Raisedon Baya
MY first serious read was a strange one — very strange for a young boy living right in the middle of a township. I was in Form One at Sobukhazi Secondary School and had just joined the Mzilikazi community library’s senior section. Why I joined the library when most of my friends and young boys my age were not members and not interested in becoming members of the library I don’t know even up to this day. (Some of my friends and peers even went to their graves without seeing the inside of a public library.)
Books were not the in-thing for young boys growing in Makokoba then. Young boys my age played hard, smoked hard, gambled hard, and hustled hard. There was no time to waste, no time for books and what many called girlish activities. Up to this day I still don’t remember why I went against the grain and joined the public library. However, that decision did change the course of my life and stirred me away from danger and early death.
So there I was in the library, moving from one shelf to another looking for my first serious read. The library was always a cool place. The place had a good air conditioner that tirelessly blew some soft breeze around the room daily. It’s floors were always sparkling clean as if the building didn’t belong in the township. You entered the building and immediately forgot that you were in the middle of Mzilikazi Township. After walking around, marvelling at the stacks and stacks of books neatly covered in plastic, I stopped at the African Section. Later this section became my favourite corner of the library for many years.
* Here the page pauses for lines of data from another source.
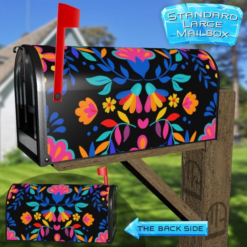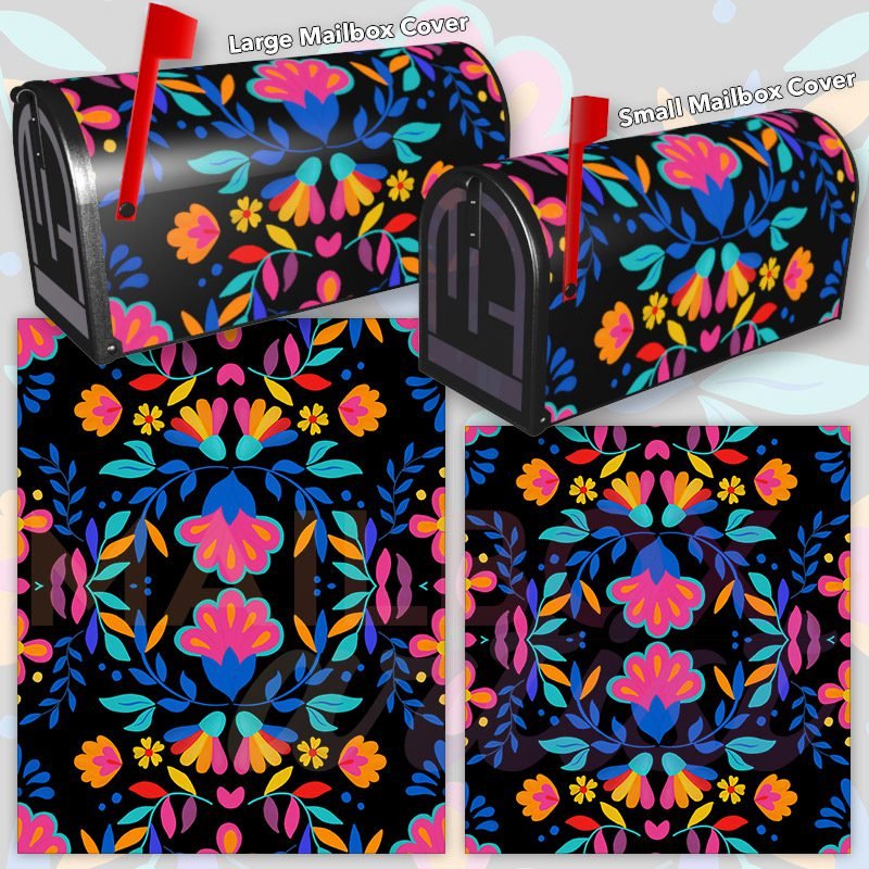 Dressing up your rural farm mailbox with the Mexican Folk Flower Design #5 mailbox cover is an easy way to convert it into a unique and special item. These covers require a smooth surface, so they are compatible with rural farm mailboxes that do not have any embossed decorations or signs. Magnetic mailbox covers work with steel boxes only, while self-adhesive vinyl covers are available for aluminum, plastic and steel boxes. If your mailbox is not compatible with these covers, you can purchase a brand new mailbox with a preinstalled cover. Additionally, you have the option to create a custom rural farm mailbox cover with your own pictures, name, street number, etc.
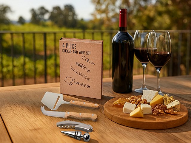 Премиальный набор для сыра и вина Reze— идеальный подарок для гурманов и ценителей изысканных вечеров. В стильной упаковке-книжке вы найдёте 4 инструмента: нож и слайсер для сыра, штопор и винную пробку. Комбинация нержавеющей стали и деревянных ручек придаёт элегантности и долговечности. Стильно, практично, со вкусом! |
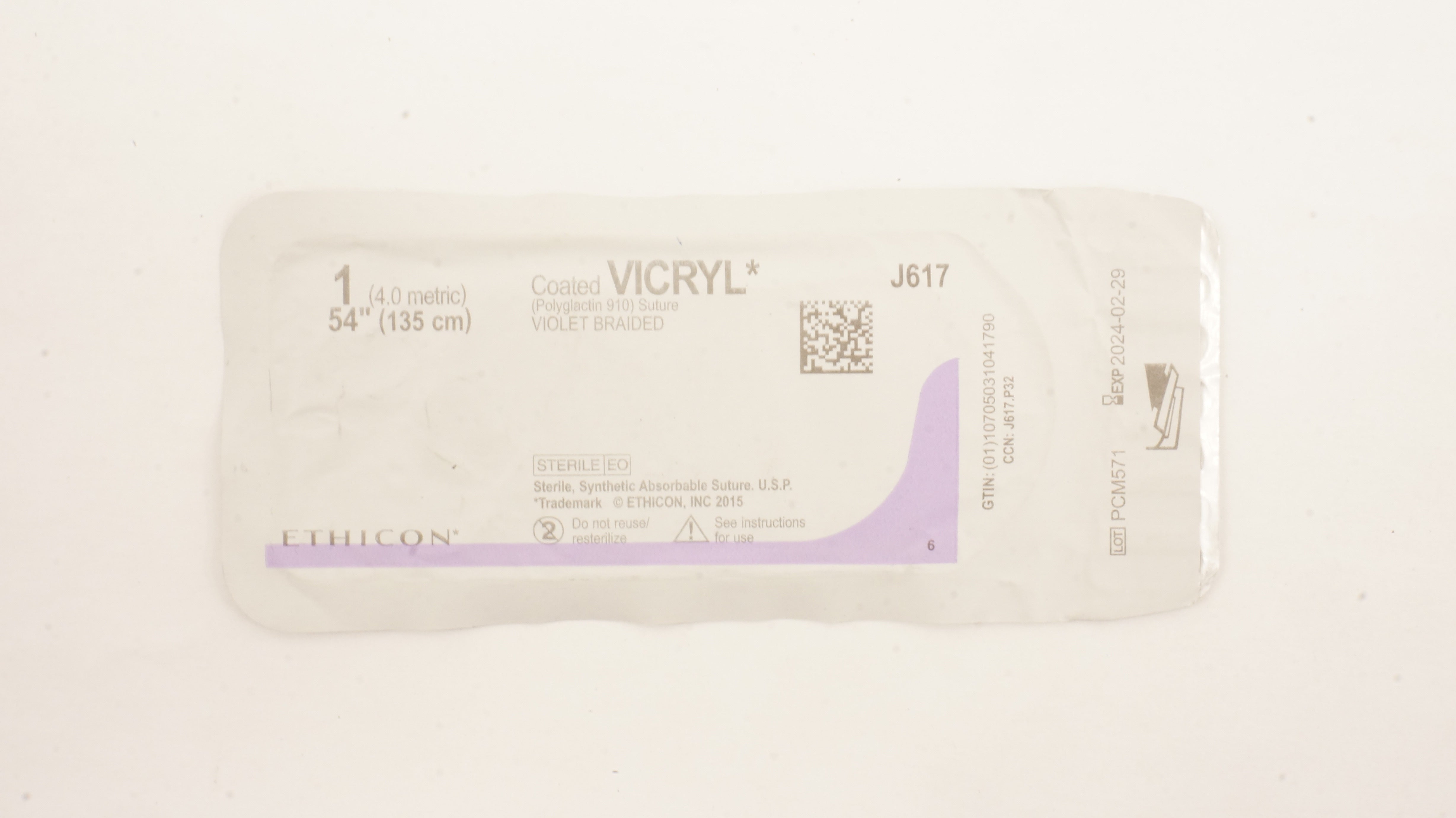 - Ethicon J617 1 Coated VICRYL Polyglactin 910 Stre Violet Braided, 54inch (x)
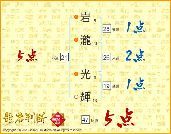 岩(8画)瀧(20画) 光(6画)輝(13画)
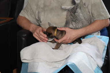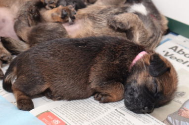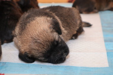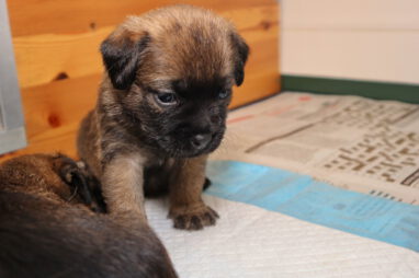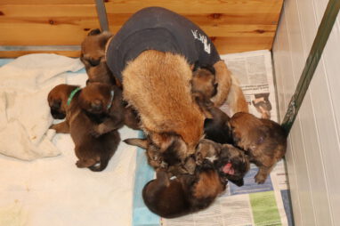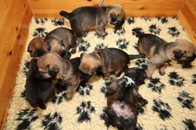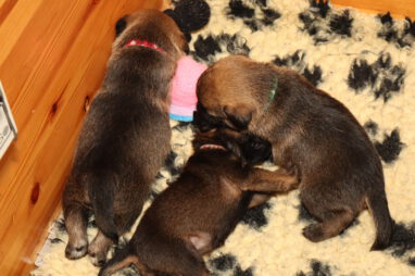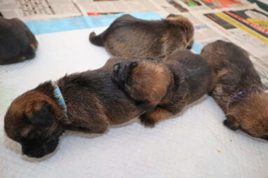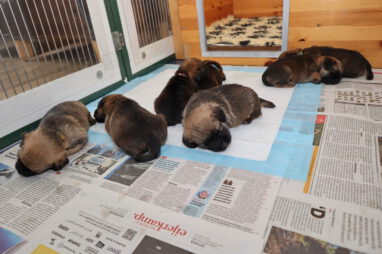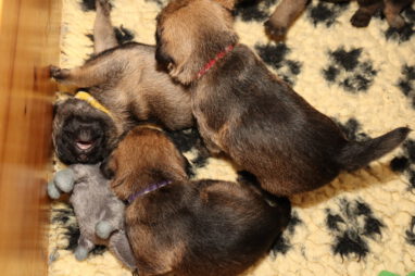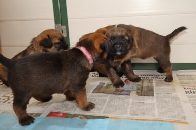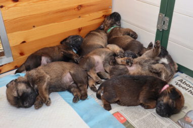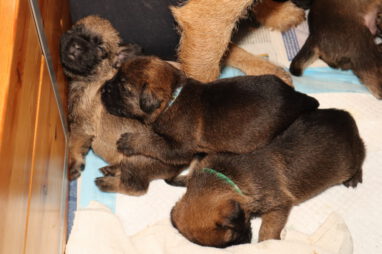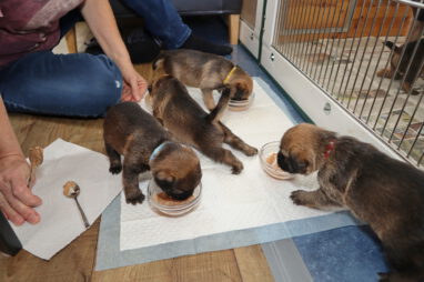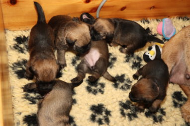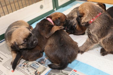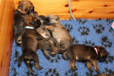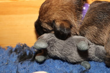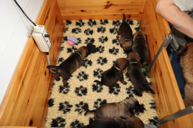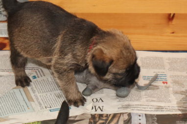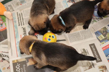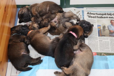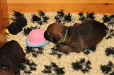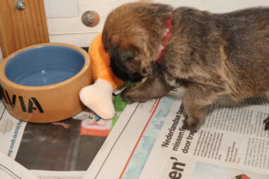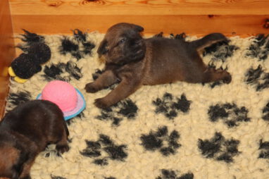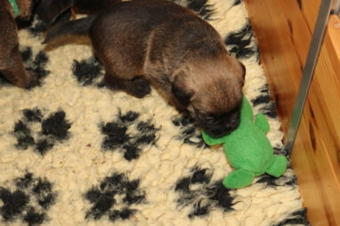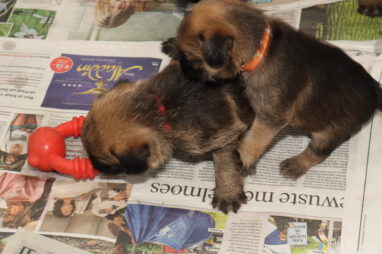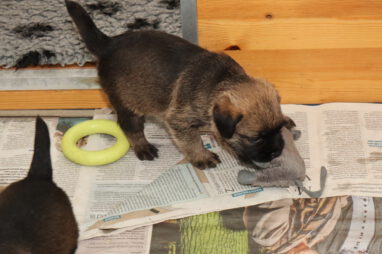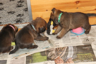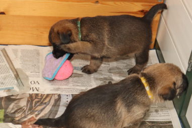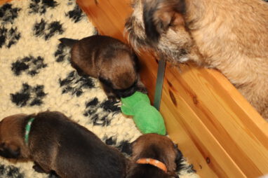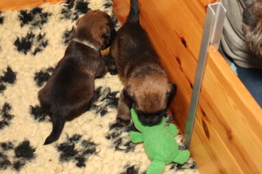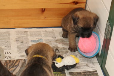 De pups amuseren zich prima in de werpkist. Ze spelen steeds vaker met elkaar en ze hebben ook al wat speeltjes waarmee ze heel leuk bezig zijn. Je merkt dat ze heel nieuwsgierig zijn, de speeltjes worden aan alle kanten onderzocht.

I remember picking a few tittles before I saw it. I don’t know what drew me to the book but I remember holding Buchi Emecheta’s The Joys of Motherhood in my hands and feeling very excited. (See why I said it was a strange choice.) Why this particular title, I have always wondered. I was just a boy, and very adventurous too, so why was I attracted to The Joys of Motherhood? My mother was not a joyful woman or mother then — she had too much to do and too many children to look after for her to sit down and savour the real joys of motherhood. Perhaps I took the book because it was the kind of book I wished her to read — just so that for a moment she could feel some happiness for contributing to the human race. (The basis of the novel is the necessity for a woman to be fertile, and above all give birth to sons — and my mother has six sons!)
Whatever the reason was, I took the book home and plunged into the world of literature. My love for words and my serious flirtation with literature began that week. I was also very lucky to have a big brother who was an avid reader as well. My brother read anything printed. He ate words for breakfast, lunch and supper. He devoured books, in all their sizes, shapes and smells. He introduced me to the likes of Desmond Bagley, Robert Ludlum and to naughty writers like James Hadley Chase and Nick Carter. I remember him trying to hide Nick Carter novels from me but I always found them. I learnt to read faster so as not to get caught or to avoid him taking the books back before I finished reading.
In books I discovered a lot. I discovered priceless treasures. I discovered things neither my parents nor friends and peers could tell me. I discovered a world bigger and much better than Makokoba, Mzilikazi and the other townships I knew. I discovered that words could give me wings, wings I used to fly to places far and beyond. Books took me to countries I never imagined, books introduced me to many cultures. I travelled to Nigeria, South Africa, Ghana, Kenya, Cameroon, Senegal and other African countries — countries I didn’t even know where to place on the world map through the eyes of writers like Ngugi, Es’kia Mphahlele, Njabulo Ndebele, Ousmane Sembene, Kalu Okpi, Micere Mugo, Kalu Opki, Can Themba, Grace Ogot, Nardine Gordimer, Wole Soyinka, Miriama Ba and Chinue Achebe. I travelled to Europe and America on the pages of works by the likes of Agatha Christie, Desmond Bagley, Jefrey Archer, Len Deighton, Leo Tolstoy and many others. Long before I knew what a passport was I had crossed borders. I was introduced to very interesting characters by these writers, some of these characters have stuck with me to this very day.
I discovered that I could temporarily escape the poverty and monotony of township through the pages of a book. Books became some form of escapism.
With years I realised the more I read the more I became better at seeing the world. The more I read the more I saw possibilities of getting out of the township. The more I read the more I wanted to write, to share my own stories — stories about where I came from and the people around me. I suddenly wanted my life, my friends’ lives and the world I lived in to also be on pages of books. Reading inspired me to write.
Now I read for pleasure. I read to escape the harsh realities of my surroundings. I read to expand my horizons and knowledge base. I read to feed my insatiable brain. Sometimes I read just to experience the sumptuous taste of good words strung joyfully together into beautiful phrases and sentences. Remember writing is like cooking, it’s art. I read because there is nothing that uplifts my spirits better than good literature. I read because there is so much joy wrapped in ink and paper and this joy is far much better than pizza, a box of chocolate or a bottle of wine. And so today I say enough respect to all writers and storytellers of the world. Thank you for writing and keep the stories coming.